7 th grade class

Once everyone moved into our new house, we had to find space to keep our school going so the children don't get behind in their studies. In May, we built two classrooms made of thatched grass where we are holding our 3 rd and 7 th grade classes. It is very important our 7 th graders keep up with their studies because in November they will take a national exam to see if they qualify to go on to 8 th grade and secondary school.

● ● ●

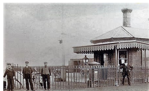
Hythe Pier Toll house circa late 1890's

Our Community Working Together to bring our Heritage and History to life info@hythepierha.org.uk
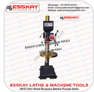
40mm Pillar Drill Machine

● ● ●

> [Exercise goal]: Whenever "grade" occurs in a line of the entries, copy that line.

> [Solution to the problem]:
7 th grade class
Once everyone moved into our new house, we had to find space to keep our school going so the children don't get behind in their studies. In May, we built two classrooms made of thatched grass where we are holding our 3 rd and 7 th grade classes. It is very important our 7 th graders keep up with their studies because in November they will take a national exam to see if they qualify to go on to 8 th grade and secondary school.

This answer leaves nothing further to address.